# Upgrade error message?



## gkotlin (Feb 16, 2005)

I'm trying to upgrade a series 2 tivo from 40 gb to whatever I get with a 300 gb drive.

I use the info on the weaknees site, and everything looks good, except. At the end it says "Error fixing volume list."

Any help is appreciated.
I'm trying to swap the drives, not add, and retain my recordings.

The command I'm using is:
mfsbackup -tao - /dev/hdb | mfsrestore -s 127 -r 4 -xzpi /dev/hda


Thanks
Greg


----------



## funtoupgrade (Mar 15, 2005)

Make sure you are using the LBA48 version of MFStools. Also your swap file needs to be at least 150 instead of 127. Then you will need to run tpip. You might also try getting rid of the -r 4 and see if that helps.


----------



## gkotlin (Feb 16, 2005)

I don't know what version of software I have. I did increase the swap size. I removed the -r and it took a few hours this time instead of a few minutes. It all seemed to work. I put it back into my tivo, but my tivo keeps restarting. It gets the the " just a few minutes more" and then it restarts to powering up.

any suggestions.

Thanks
Greg


----------



## gkotlin (Feb 16, 2005)

I put my old drive back in and everything works fine. The drive that I am putting in for a replacement is brand new. I did use it in a pc for a week. I did remove pc partitions using fdisk.

I figure I may need to run the fix since it was in a pc. How do I use this. Do I have to boot from the cd? Do I run it from windows?

Thanks
Greg


----------



## classicsat (Feb 18, 2004)

Yuo don't need to do anything to prepare the HDD, mfstools will completely overwrite the drive.


----------



## funtoupgrade (Mar 15, 2005)

I suggest you download the PTVUpgrade LBA48 free software and use that instead.
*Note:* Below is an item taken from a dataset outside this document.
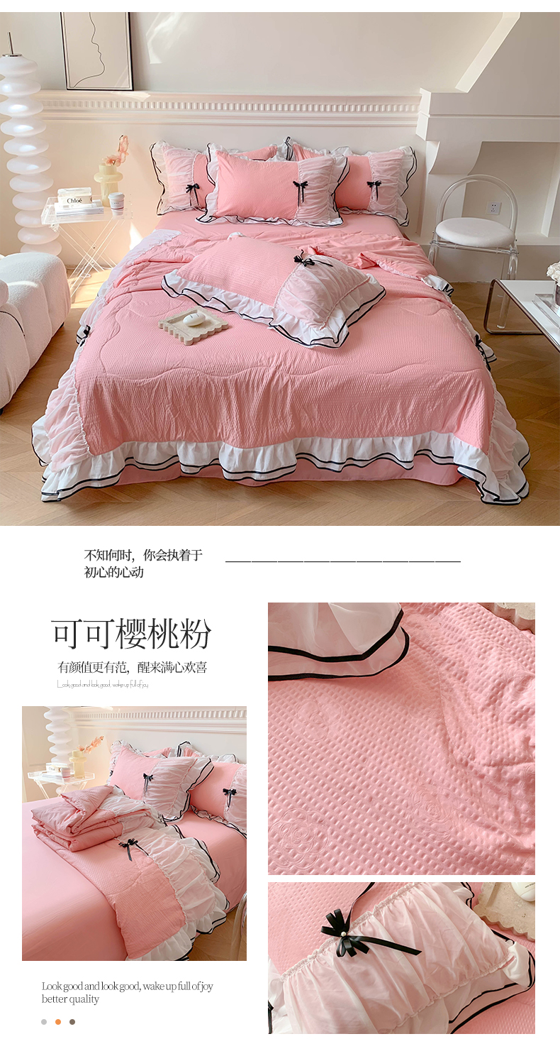 (总)吾欢心 2026新款小香风可可系列双层花边床盖款夏被四件套被子被芯,可可奶茶绿,可可奶昔粉,可可柠檬黄,可可温柔紫,可可樱桃粉

See stickies at top of this forum.


----------



## HomeUser (Jan 12, 2003)

The Stickies are gone 

You should use the uppercase *T* in *T*ao -

If the swap is greater then 127 (-s 127) you need to run a program called tpip to adjust the partition for use in the TiVo.

I Agree with funtoupgrade, use the PTV upgrade CD with the WeaKnees instructions. 
PTVupgrade LBA48 CD with MFStools

Note: the transfer will go faster if the drives are on different IDE channels if you can move the one of the drives to the secondary channel (put the drives on different cables).


----------